The next and final entries all belonged to the winter which he spent in the barn.

On Christmas Eve:—

“Life will never be better or nobler, nor has ever been, than here at this instant in my breast. But—may I never be content to know it lest to-morrow and to-morrow and to-morrow be the less for it.”

Then:—

“What is man? One moment he is a prayer, another a flower of God, another a flame to consume he knows not what save that it is himself. And, again, he is but a dungeon in which an infant’s cry is echoing. One day I saw soldiers, and I was nothing but, as it were, a sea-shell to record the clattering hoofs, the scarlet, the shattering trumpet.

“The children have a doll that was given to them. They are talking to it and about it—as I talk to and about another man.

“I heard the wind rustle in the dead leaves this morning, I heard it rustle over my grave, and over the world’s, and over the embers of all the stars, and I was not afraid.

“What name has my beautiful barn in heaven? In it was born a man in the sight of his brothers and sisters. God has told me my seed shall be multiplied as the sands of the sea. Can it be that out of this barn will grow the regeneration of the world, or will the forgotten memory of it trouble the well-being of some citizen far hence in time and so give birth to a flame, a prayer, a rose out of the soul of him? It is cold, yes, but the frost is one of the angels.

“A doctor has been here, a man not used to our life. He too felt that it was cold. He said that little Francis—whom Mary calls Albert Edward—is ill and may die. If he does, then it may be from the corpse of an infant the saviour of society will be born.”

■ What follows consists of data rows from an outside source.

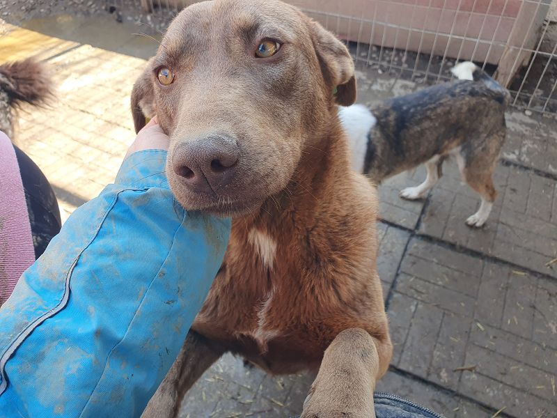 Thea ist eine nette junge Hündin. Sehr freundlich und neugierig suchte Thea die ganze Zeit den Kontakt zu uns. Sie ist super menschenbezogen und liebt die seltenen Streicheleinheiten. Selbst als wir noch im Nachbarzwinger waren, wartete sie schon auf uns. Allerdings wird in ihrem Zwinger ein Rüde immer wieder gemobbt, woran sie eventuell beteiligt ist. Daher wäre sie als Einzelprinzessin vermutlich glücklicher. Aktuell ist sie etwas moppelig. Sie dürfte also gerne noch etwas abnehmen.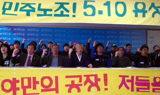 이정훈 유성기업 영동 지회장의 고공농성이 172차에 접어든 2일 오후 2시, ‘유성 희망버스’ 기획단은 민주노총에서 기자회견을 열고 ‘5.10 ...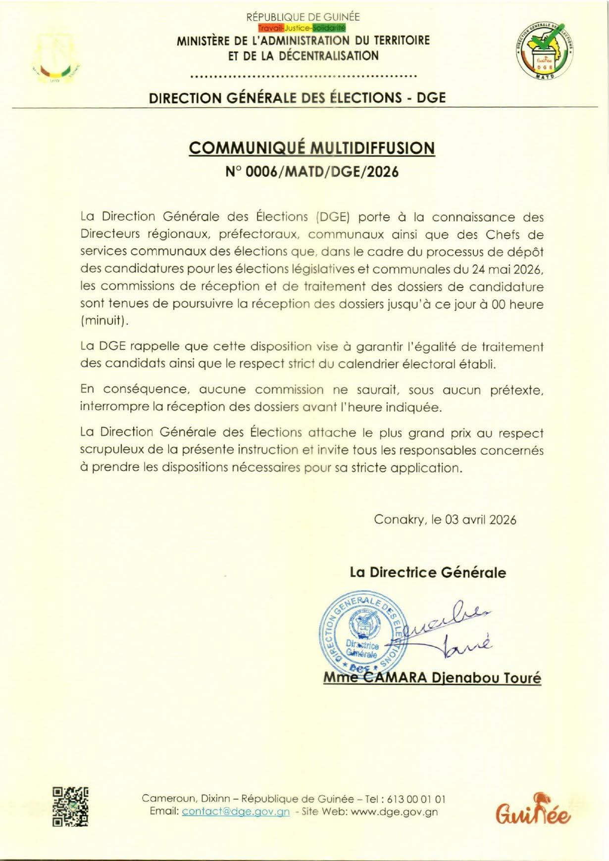 À l’approche des élections législatives et communales prévues pour le 24 mai 2026, la Direction Générale des Élections (DGE) tape du poing sur la table. Dans un communiqué publié ce vendredi 03 avril, l’institution électorale ordonne le maintien de la réception des dossiers de candidature jusqu’à minuit.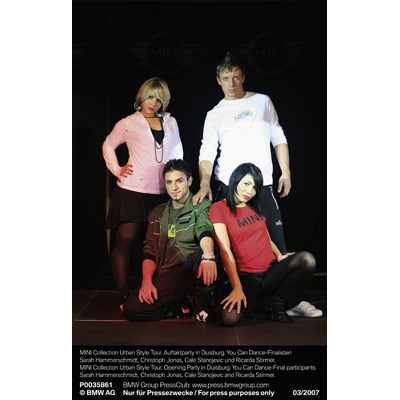 MINI Collection Urban Style Tour. Auftaktparty in Duisburg. You Can Dance-Finalisten Sarah Hammerschmidt, Christoph Jonas, Cale Stanojevic und Ricarda Stirmer. (03/2007)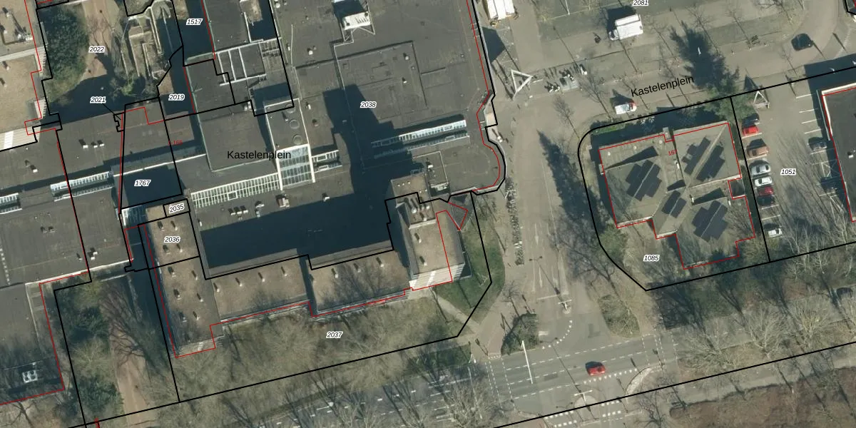 Het perceel waarop Kastelenplein 116 staat heeft een oppervlakte van 2137 m². Dit is een zeer groot perceel. De perceeloppervlakte wordt geregistreerd door het Kadaster. Gedetailleerde informatie over de maten van dit perceel kunt u vinden in het rapport Kadastrale kaart met maatvoering van Kastelenplein 116.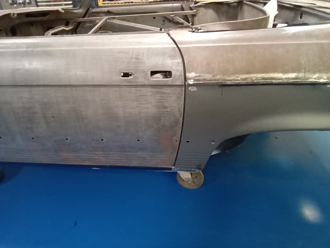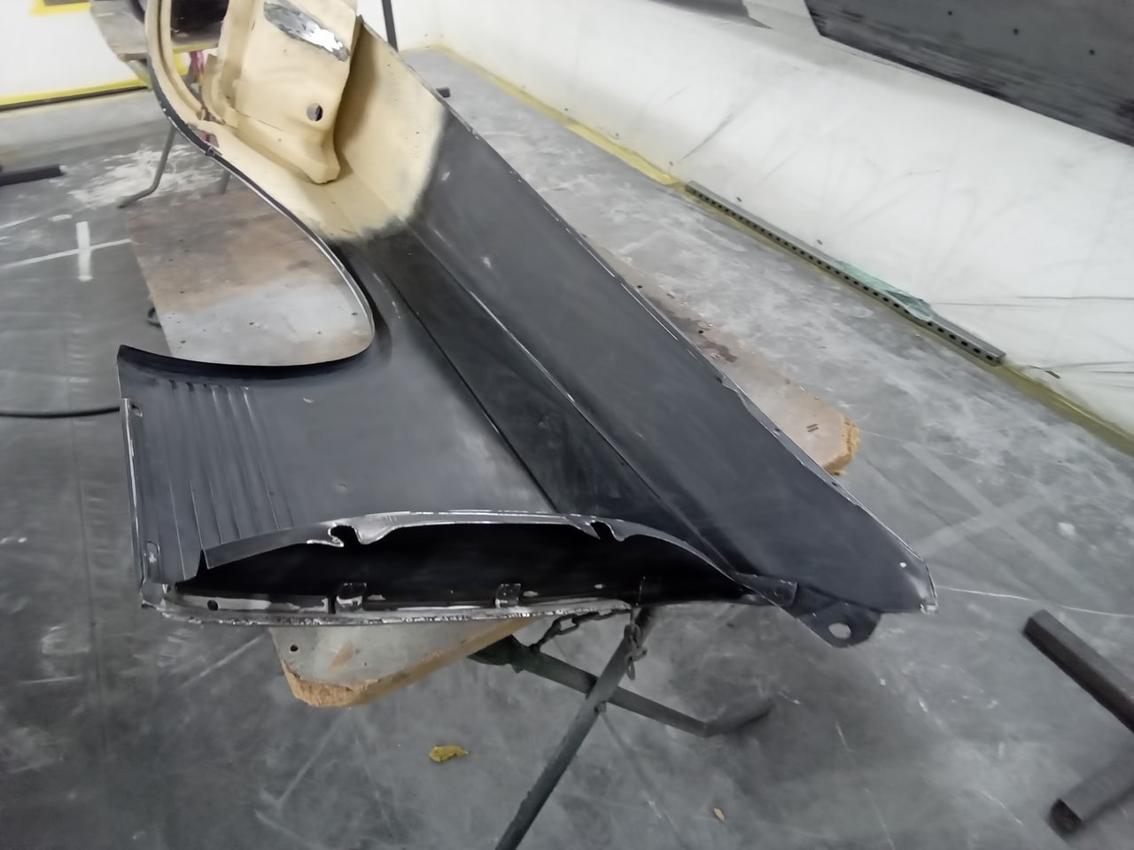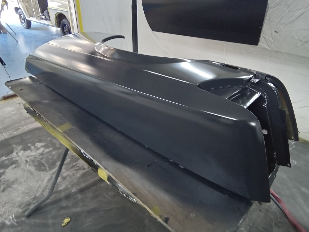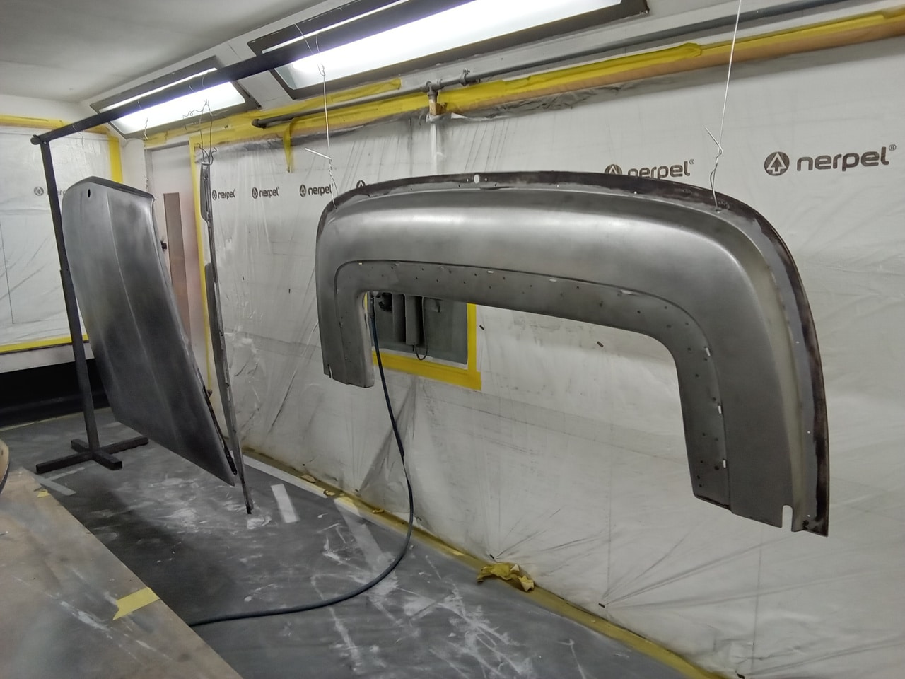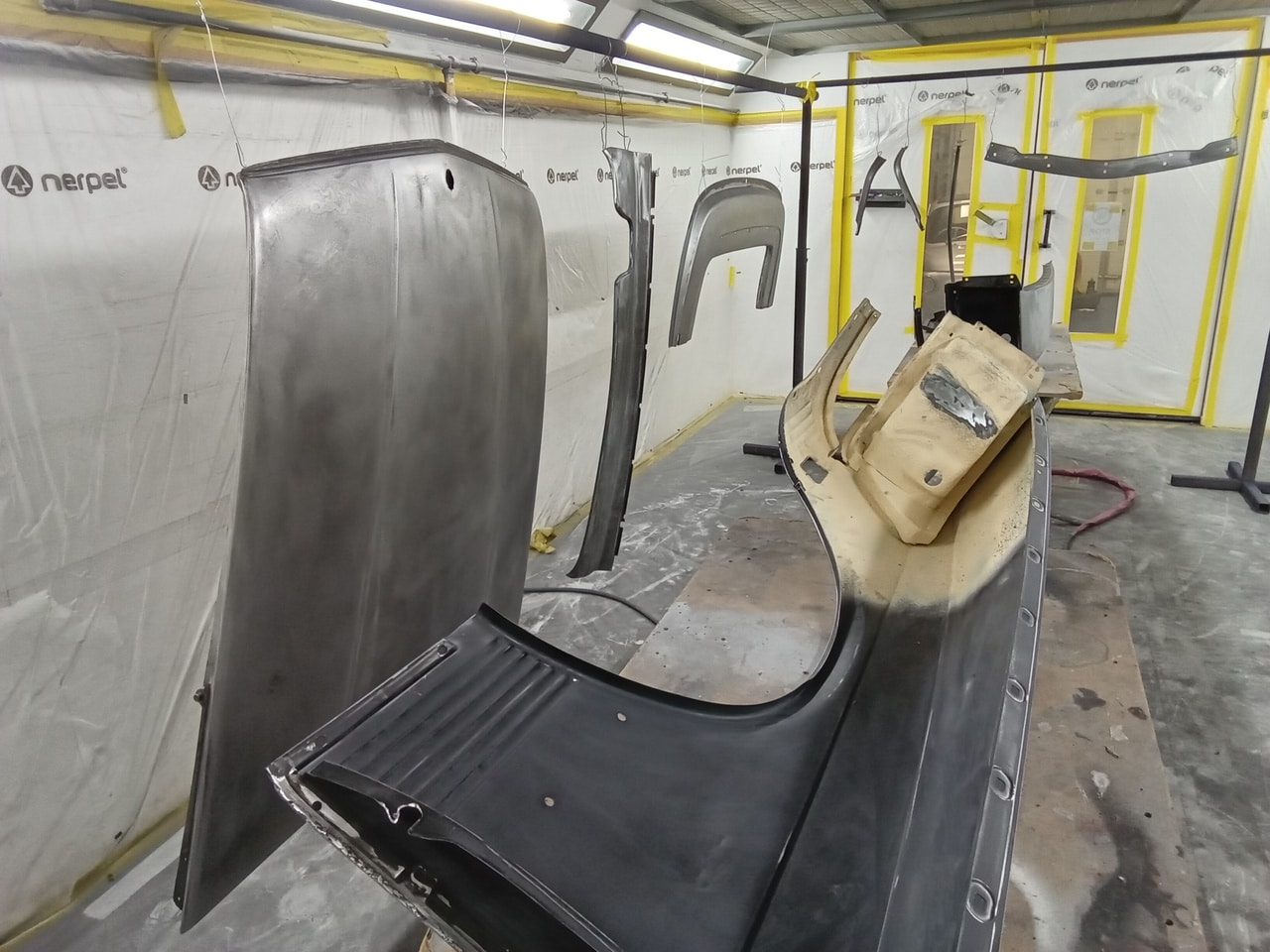 Chris, our paintshop manager, applied epoxy primer to various parts of our 1978 Mercedes 350SL in preparation for panel levelling here at the Bridge Classic Cars restoration workshops. He began fitting up the car to check the panel gaps and carry out the necessary adjustments, including the first fitting of the bumpers and some of the chrome work. Attention was then given to refining the bumper fitment to ensure everything aligned correctly.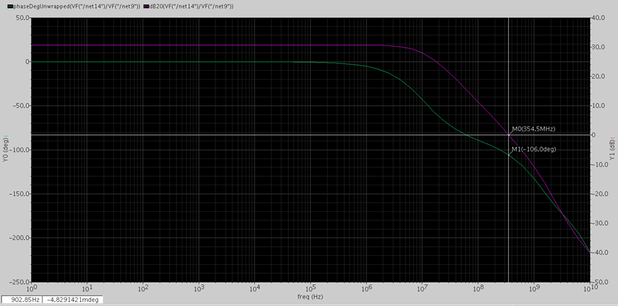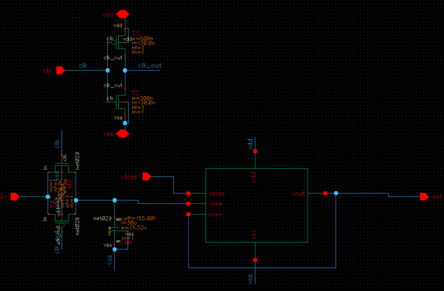 This circuit tracks the input voltage at clock running high and the op-amp buffers the voltage out to the comparator when the clock is low [2]. The maximum sampling rate is 350MHz which is the unity gain bandwidth of the op-amp. The power consumption is about 307.5uW at 22MHz clock without the biasing circuit. The circuit, layout and simulation are shown in Figure 16-21.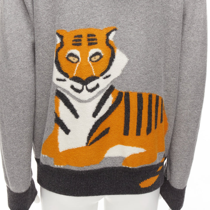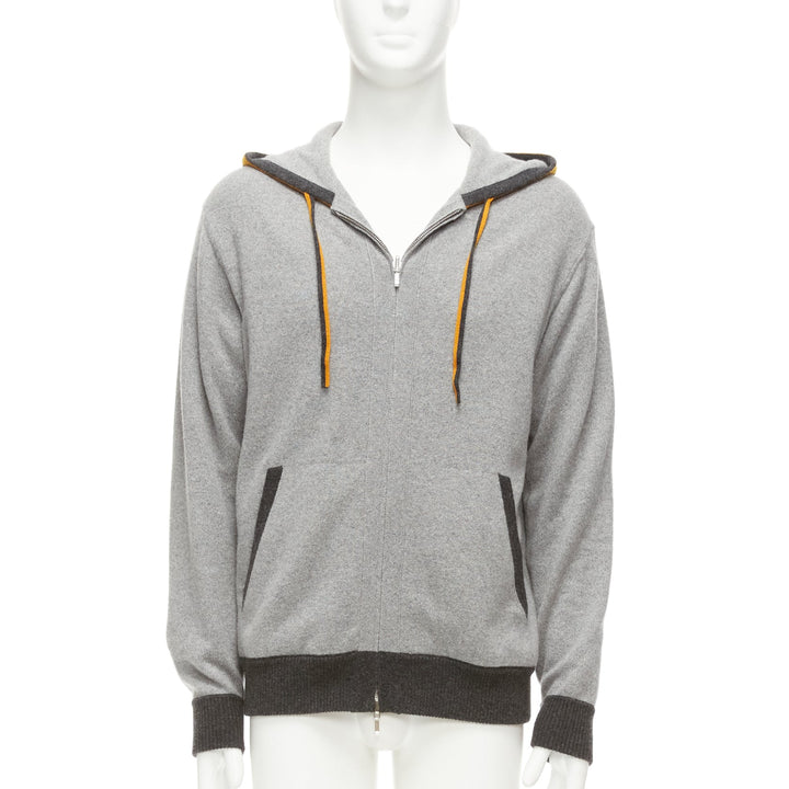 LORO PIANA 100% baby cashmere grey tiger print reversible hoodie zip up M

These were the last words. On the day after the doctor’s visit the arrest was made. Arthur Aubrey Bishopstone and two of the children died in the infirmary of the prison. Francis Albert Edward, born at Lone Barn on Christmas Day, recovered from the effects of his birth and left the workhouse at the end of June with his mother and four brothers. I believe that after Lone Barn there was nothing they missed less than Arthur Aubrey Bishopstone. If they had been given to considering such matters, they would have said that he ought to have lived solitary and let his hair grow in Wayland’s Smithy instead of marrying and begetting seven children, of whom only two were able to die in infancy.